Чем привлекают по-настоящему хорошие фильмы, зомби вроде меня, думает Рот, так это жизнью без напряга. Я тоже мог бы так жить. Я мог бы прожить так всю жизнь, и я прожил бы ее так же легко. Точно так же, как Череп проспал бы всю жизнь. Я человек, персонаж, субъект — здесь, в кинозале, в темноте… как червь, гложущий сердце. Перегруженные смыслом слова. Внимание рассеивается — пожалуй, мне лучше отсюда уйти.
Еще один год, когда нечего делать. Горячие нью-йоркские улицы. Тяжелая настоятельная потребность прорваться в жару. Жара — это сфера, где львы обрывают плоть зебры до самого сердца, которое все еще бьется, но болевой шок не дает пожираемой жертве почувствовать, что ее пожирают. И это тоже ужасно скучно. Стайки девчонок-мальчишек на улицах, где солнце струится по коридорам проулков. Груда кровоподтеков в высокой траве — ты никогда не поверишь, что кожа бывает таких цветов. Поскольку ты видел закат за городом, ты понимаешь, что то же самое происходит и здесь, и город выглядит очень искусственно. Как подделка. Девчонки-мальчишки бродят по улицам. Облегающие штаны еле держат набухшие члены и яйца, налитые кровью, облегающие штаны впитывают в себя капли секреции из пизденок, выставляющих себя напоказ. В подземке басовый рев вызывает мгновенную эрекцию. Ты не можешь поверить, что она тебя не дождалась, и выходишь на своей остановке. Где теперь Грета Гарбо? Где президент? Может быть, они сходят со мной в Наркотехнический Вектор и купят мне все, что мне нужно? Я Рот. Я не Рот. Я не Артур. Я иду домой. Буду смотреть в окно.
Выкину черные полосы за окно. Рот заходит к себе в квартиру. Череп куда-то ушел.
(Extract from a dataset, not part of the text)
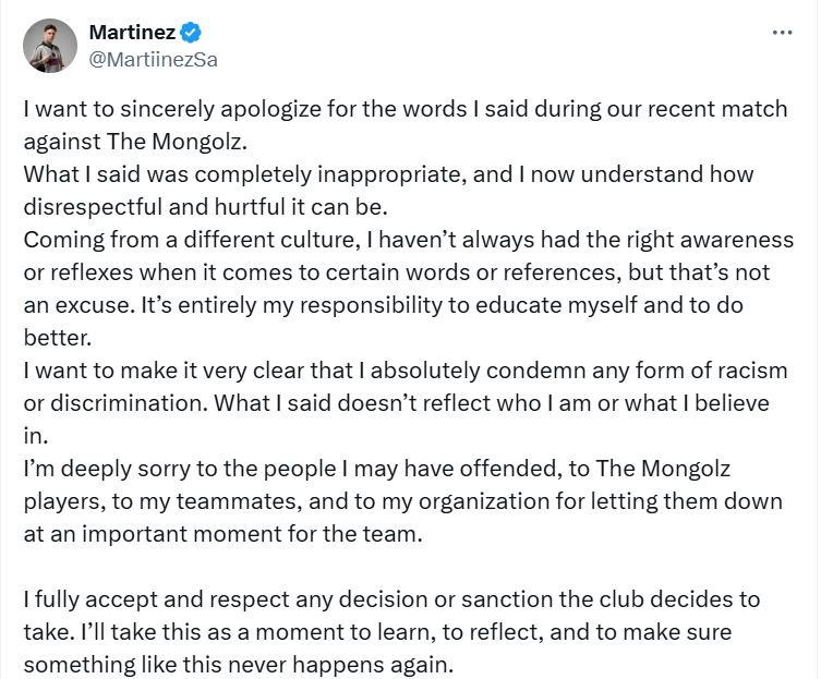 Антонио “MartinezSa” Мартинес ESL Pro League Season 22 тэмцээний үеэр The MongolZ багт хандсан арьс өнгөөр ялгаварласан үг хэлснийхээ дараа олон нийтээс уучлалт гуйлаа.

* * *То, что происходит со Ртом — и особенно с Черепом, — не имеет касательства к остальным людям. Остановка в развитии. Застывшая юность. Инопланетные существа. Живые мертвецы. Вокруг там много людей. Пойду в кино. Прыщи — мои зрители. Вот было бы здорово тебя выдавить еще до того, как ты вылезешь и созреешь. Я бы вытер тебя о штаны. Можешь сделать со мной то же самое. Хочу обнять тебя и прижать к себе — хочу быть тем, кого ты любил в первый раз, тем, чье качанье закроет тебе глаза и заставит тебя задержать дыхание. Кто заставит тебя мечтать о том, чтобы тебя сбила машина, чтобы открыть свои чувства без робости и смущения. Выразить свою любовь, так чтобы в ней не было даже намеков на желание взаимности. И тогда я скажу тебе, что я тоже тебя люблю. Мы посмеемся над этим признанием, но ты уже по ту сторону жизни, и мысли твои бродят где-то не здесь. Меня оставили здесь, словно глупую книжку, а ты ушел в страну мертвых, твое тело — Нью-Йорк перед ликом солнца. Я тебе завидую. Вот если бы все было наоборот: ты был бы книгой, а я умирал. Но есть смерть до жизни, и есть смерть после жизни, и моя смерть — которая до.
Едим Свой Хлеб.
Тебе разве не интересно посмотреть на себя со спины? Стать кинозвездой.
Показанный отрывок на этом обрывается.